Labour paeans: Praneet Soi’s new show blends art, craft, old and new
A new art exhibition at the Bhau Daji Lad museum is a result of the artist’s two-year association with craftsmen in Kolkata, Kashmir and China.mumbai Updated: May 22, 2017 13:13 IST
- WHAT: Works by Praneet Soi, curated by Tasneem Mehta
- WHERE: Bhau Daji Lad museum, Byculla, Mumbai
- WHEN: May 13 to July 25 (Wednesdays closed)
- Museum entry fee is Rs 10
Every few months, the Bhau Daji Lad museum opens up its collections to a contemporary artist, encouraging them to see 19th century decorative objects not as relics of the past, but as a way to reimagine the present.
In 2011, LN Tallur took over the space, spreading out blocks of an incomplete model elephant to honour the Elephanta Island statue now on the museum grounds. In 2015, Thukral & Tagra turned the BDL into a gaming arena. The museum’s Ganjifa playing cards were the inspiration for board games, its old map of Bombay found a new life as a ping-pong table.
This time, Praneet Soi shows Notes On Labour, new works that emerged from his two-year engagement with artisans in Kolkata, Srinagar and Guangzhou in China.
It’s a good fit, says Tasneem Mehta, the museum’s honorary director and the curator of the show. “Unlike previous artists, Praneet has worked on the idea of craftsmanship and the unsung skilled artisan. His work deals with the idea of production, which is really the founding idea of the museum.”
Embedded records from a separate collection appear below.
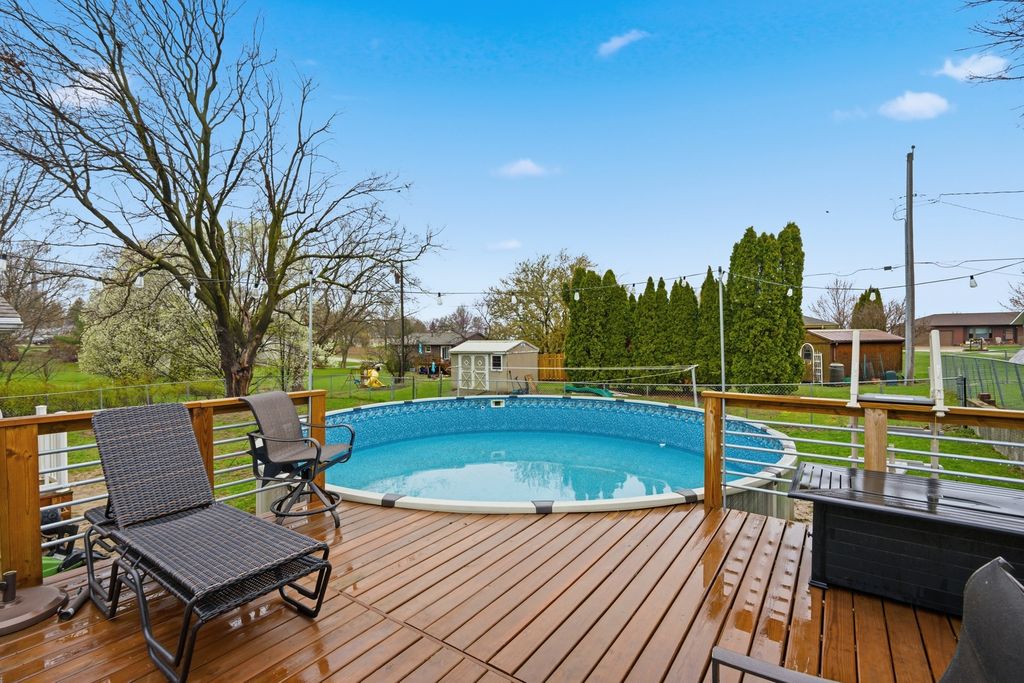 Beautifully updated ranch in the highly sought-after Orion school district, offering rural living just 15 minutes from the Quad City Airport. The reimagined floor plan features a welcoming great room and open-concept layout with a spacious family room, electric fireplace, and mounted TV. The updated kitchen is a standout with a massive marble island, perfect for entertaining. Main level includes a private primary suite with dual custom closets & bathroom vanity, and a tiled shower. Main level has 2wo additional bedrooms with modern open wardrobe-style storage. (One bedroom currently being used as laundry room -Basement laundry hookups still available.) Full bathroom on the main level has been fully updated. Finished basement offers a large rec room, two additional bedrooms with egress windows and individual heating, plus a full bathroom complete with a full shower & urinal. Backyard is built for entertaining with an above-ground pool & wood deck, and plenty of space to enjoy. A move-in ready home with style, space, and convenience!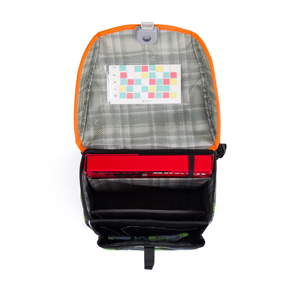 Cartella misteriosa da bambino Bagmaster con occhi leopardati. Ha uno scomparto ampio e trasparente, un ampio scomparto frontale con organizer, una tasca laterale per bottiglie, elementi riflettenti e una fibbia magnetica sulla patta. È adatta a bambini di prima e seconda elementare di corporatura minuta.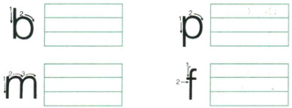1. 想一想,下面的声母住哪几格,再按照笔顺写一遍。
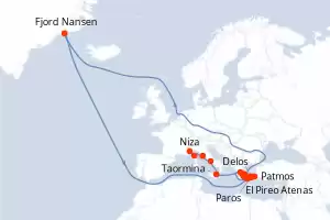 Douce escapade méditerranéenne Itinerario: El Pireo Atenas , Patmos , Delos , Paros , Adamas , Fjord Nansen , Hidra , Canal de Corinto , Galaxidi , Taormina , Gaeta , Porto Santo Stefano , Calvi , Niza Comidas incluidas Le Boreal 13 días Camarote balcón El Pireo Atenas 17/07/2026 desde US$9496 EL PRECIO NO INCLUYE LA PERCEPCIÓN DEL 30% DE AFIP - RG 5463 TARIFA NO REEMBOLSABLE Comidas incluidas Ver las ofertas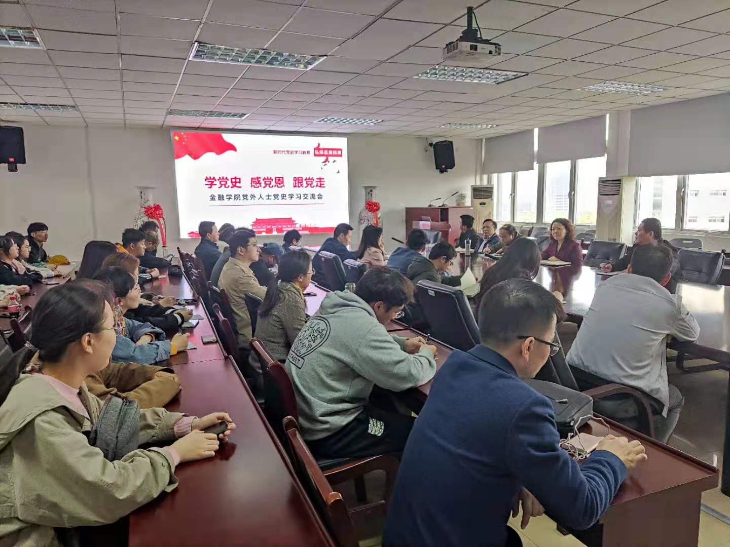 欲知大道,必先为史,参会的党外人士就自身学习党史的心路历程侃侃而谈。民主党派青年教师代表王慧老师就自身学习《论中国共产党历史》《中国共产党统一战线工作条例》的心得发言,并结合教学实际总结了深入开展理想信念教育、构建课程思政教学的思路,表示要做好新时代的新担当,向社会各界展现良好精神面貌,承担更多社会责任,做好社会服务,做社会主义核心价值观的自觉践行者;孙光林老师就金融党史进行了交流,为革命战争时期的红色金融岁月而折服,为党领导下的金融事业始终坚持自身底色、与红色政权同色而由衷赞叹;陈晓慧老师认为大学师者应该积极践行“传道受业解惑”的社会责任,将个人的奋斗融入到学校发展乃至国家发展的进程中,以建设者的高度来认真对待发展进程中的知识学习和思想提升。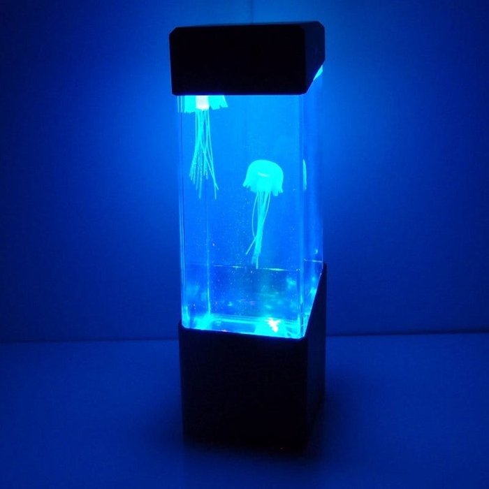 Luminária que imita um pequeno tanque com águas vivas. As cores remetem a um aquário e os peixinhos ficam "nadando" dentro do produto. Altura: 23 cm Largura: 8 cm Profund: 8 cm Peso: 0.400 Kg Energia: 3 AA Material: Plástico *Não acompanha fonte de tomada.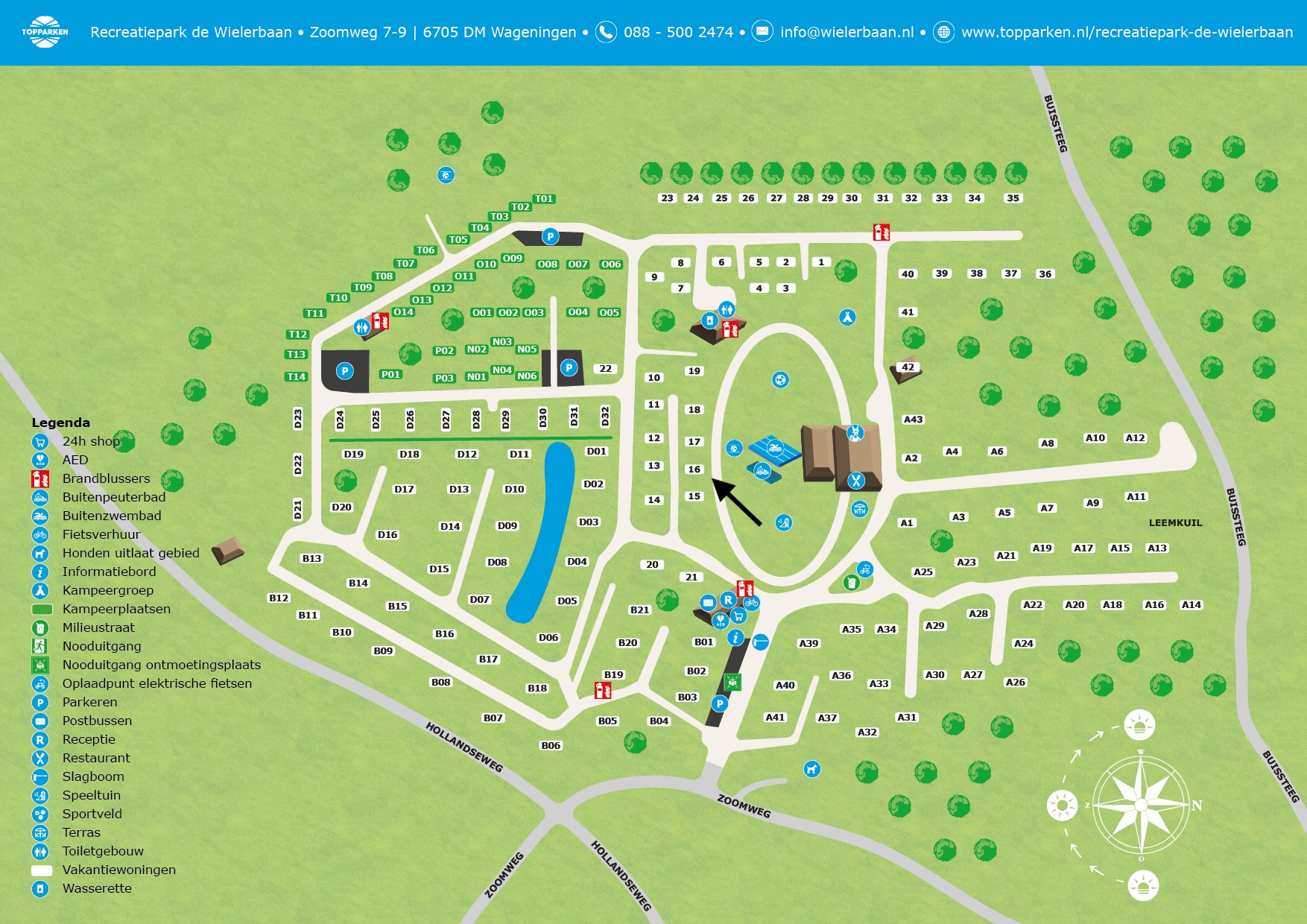 Afhaal maaltijden, Bistro, Café - Bar, Cafetaria, Fietsverhuur, Huisdieren toegestaan, Kindvriendelijk, Restaurant, Speeltuin, Wasserette, Wifi, Zwembad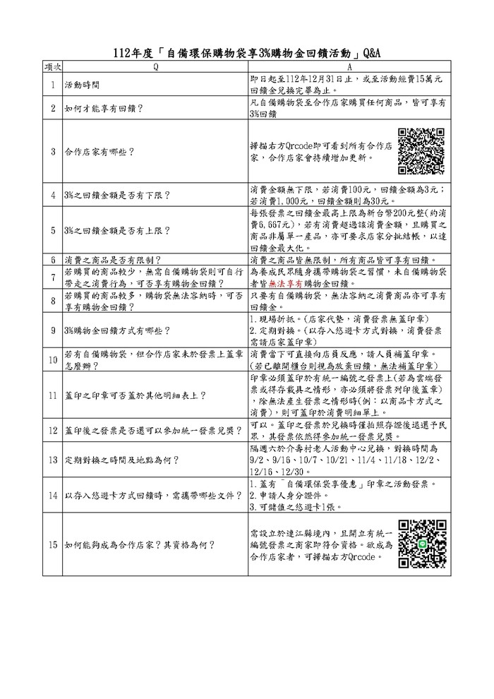 環資局為加強推廣購物自備購物袋,減少一次性購物袋及塑膠袋使用,鼓勵商家、連鎖便利超商提供折扣給自備環保袋之消費者,希望鄉親配合購物自備購物袋環保行為。鄉親憑消費發票折抵採購物品總價3%之消費額度。

One work, a slideshow, depicts a Kolkata printer at work, his repetitive movements eventually printing Soi’s photos of the printer himself at work. A gigantic installation, an arrangement of papier-mâché tiles, depicts patterns typical of Kashmiri craftsmen. The intricate works are rarely documented but seem at home in the museum, which has a small collection of lacquerware from Kashmir.
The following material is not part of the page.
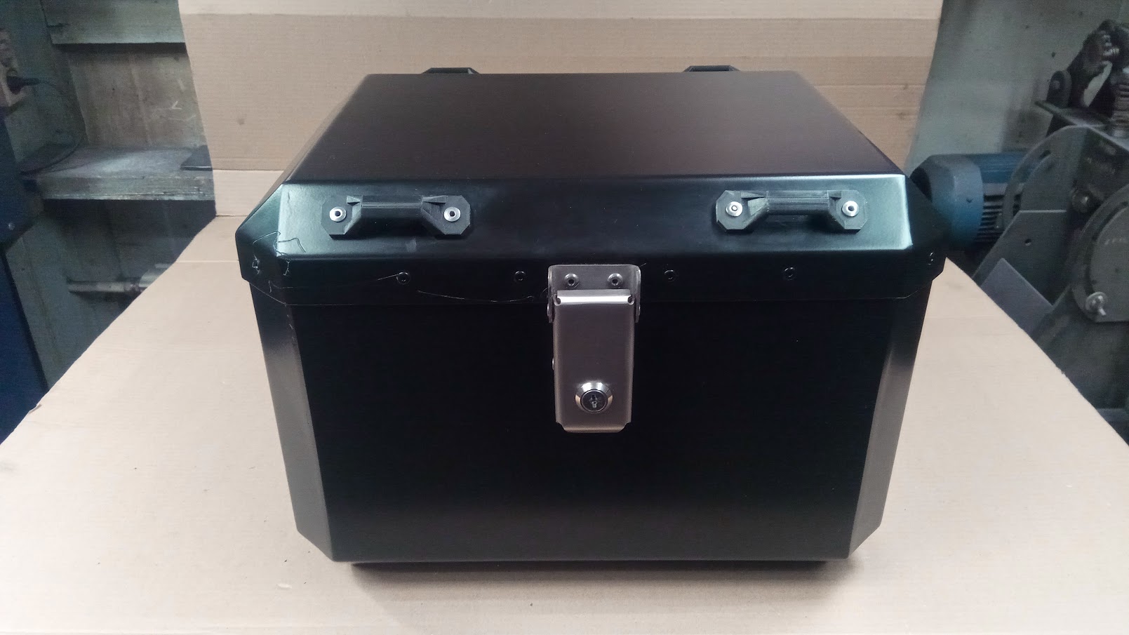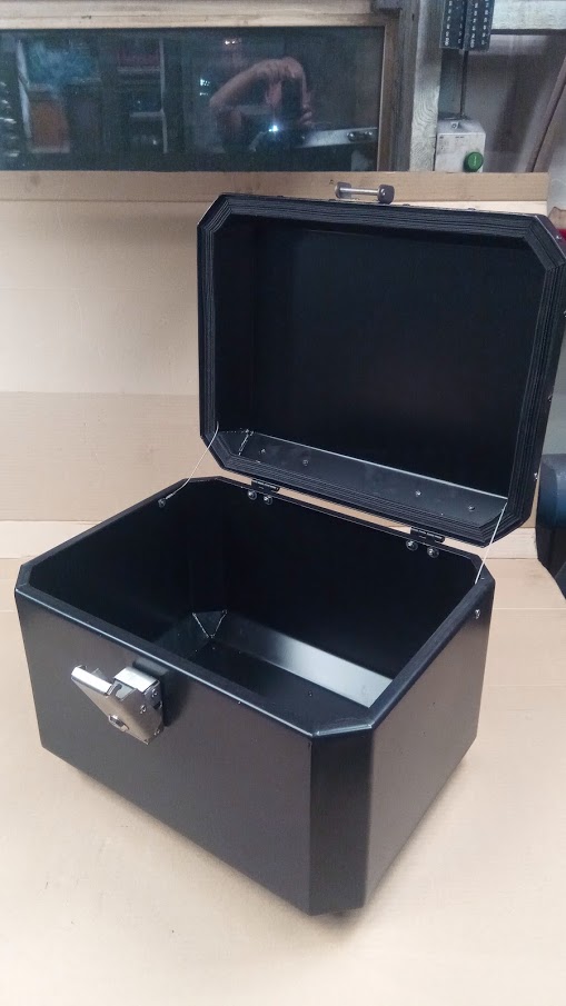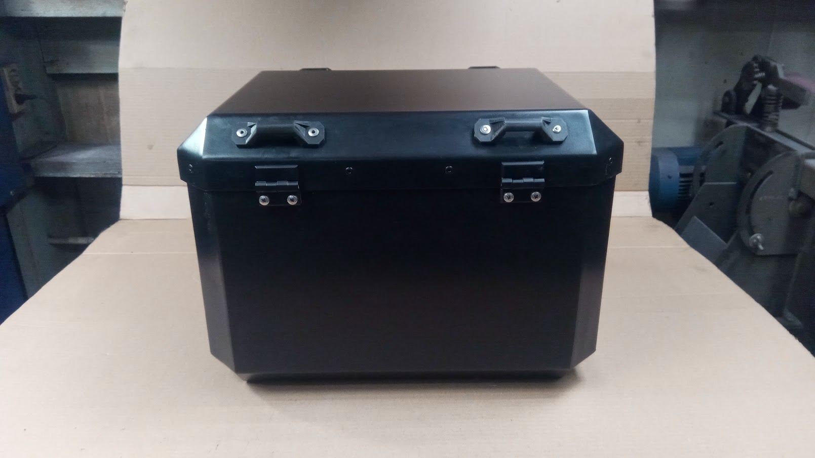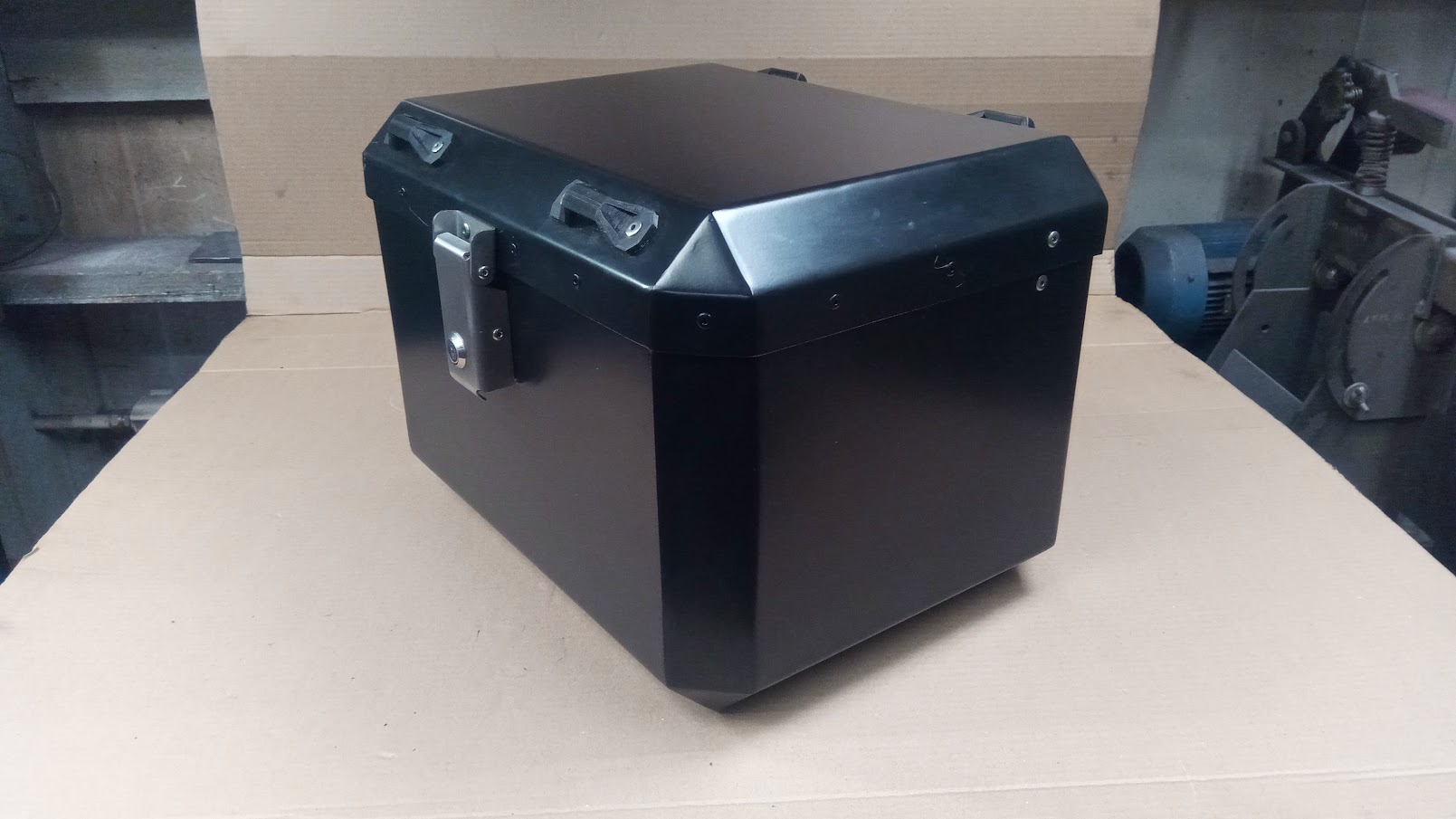Сделан центральный кофр для Triumph Explorer 1200. Размер 440-340. Высота 320. Примерный объем 46 литров. Сделан из листового алюминия 2мм. Дно усилино 4мм. Вес 5,2 кг. Вмещается один мотошлем. Цена 15т.

Soi also installs a massive mural at the entrance. “It’s curved to resonate with the museum’s architecture, specifically its tympanum,” says Soi, referring to the half-circle shape created by the roof.
Soi’s Astatic Machines, wheeled slide projectors from previous shows, make an appearance here. They project transparencies of patterns by Kipling, the artist Paul Klee, and himself. There’s a black wall too, so visitors can play artist by chalking out designs and architectural shapes based on the projections.